From the entries below, retype only the lines from the one with "2. Machin, A." through the one with "Most of us can", exactly as written.

- _Provided records_
_ _ _ _
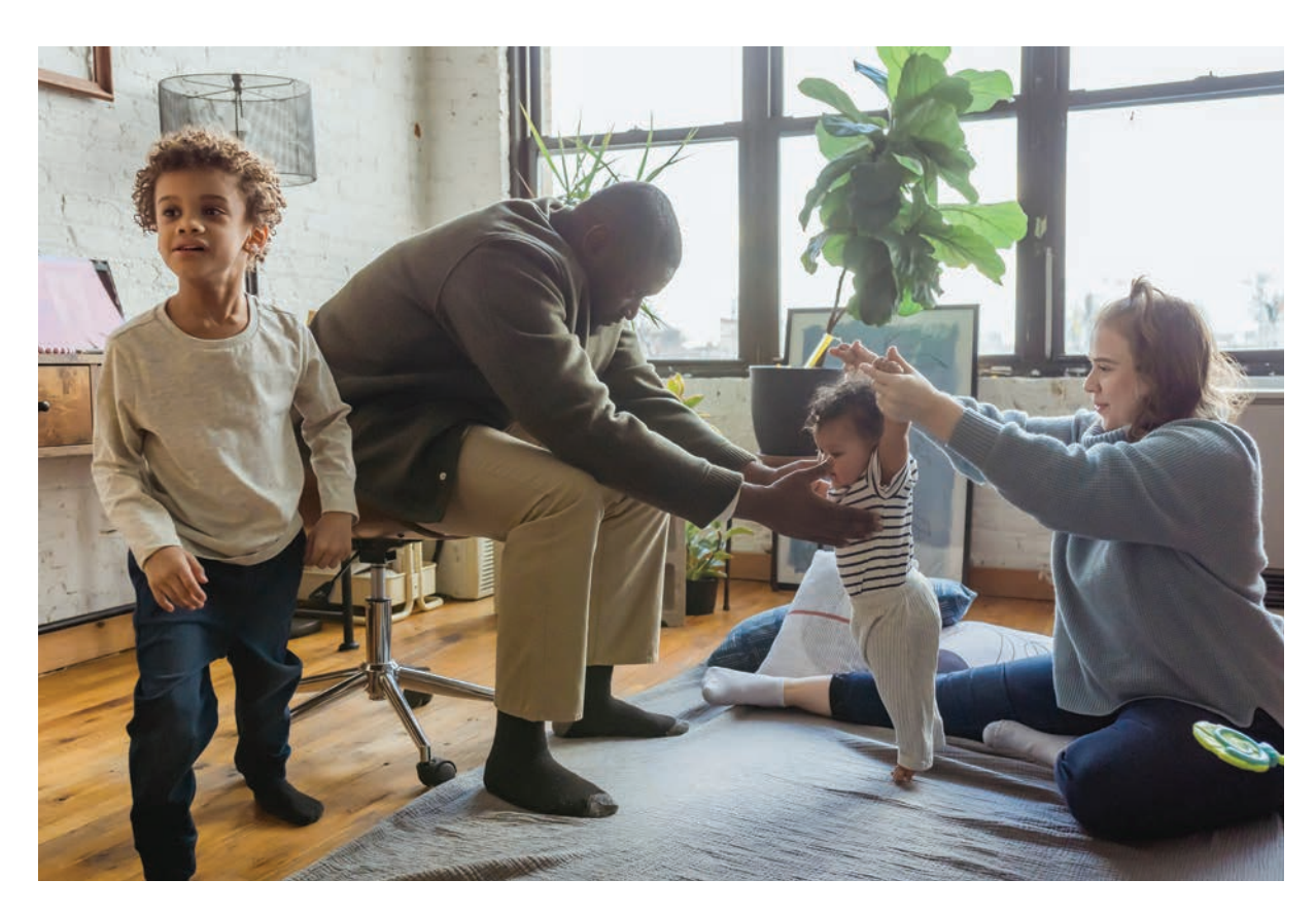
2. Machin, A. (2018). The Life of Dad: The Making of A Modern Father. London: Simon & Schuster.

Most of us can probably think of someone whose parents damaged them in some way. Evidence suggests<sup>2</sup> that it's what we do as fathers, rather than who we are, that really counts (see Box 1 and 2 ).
_ _ _ _
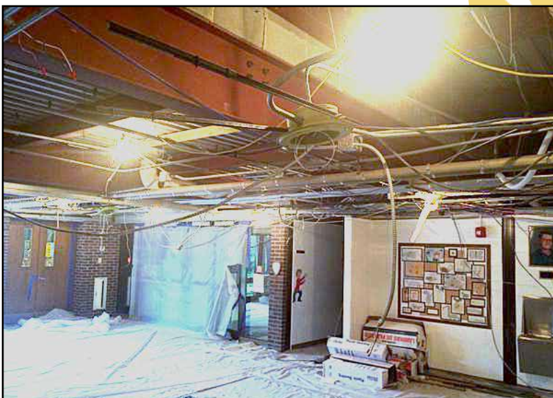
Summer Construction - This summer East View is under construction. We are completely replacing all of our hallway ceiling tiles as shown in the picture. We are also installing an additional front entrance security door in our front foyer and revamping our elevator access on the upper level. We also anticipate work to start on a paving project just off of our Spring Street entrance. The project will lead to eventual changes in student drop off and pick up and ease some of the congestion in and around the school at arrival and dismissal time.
_ _ _ _
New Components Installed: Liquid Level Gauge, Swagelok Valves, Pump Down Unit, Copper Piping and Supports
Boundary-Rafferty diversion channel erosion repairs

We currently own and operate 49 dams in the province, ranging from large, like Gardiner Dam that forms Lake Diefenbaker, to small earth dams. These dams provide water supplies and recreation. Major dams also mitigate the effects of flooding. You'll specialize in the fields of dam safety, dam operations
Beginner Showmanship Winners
_ _ _ _
- _Expected answer_
2. Machin, A. (2018). The Life of Dad: The Making of A Modern Father. London: Simon & Schuster.

Most of us can probably think of someone whose parents damaged them in some way. Evidence suggests<sup>2</sup> that it's what we do as fathers, rather than who we are, that really counts (see Box 1 and 2 ).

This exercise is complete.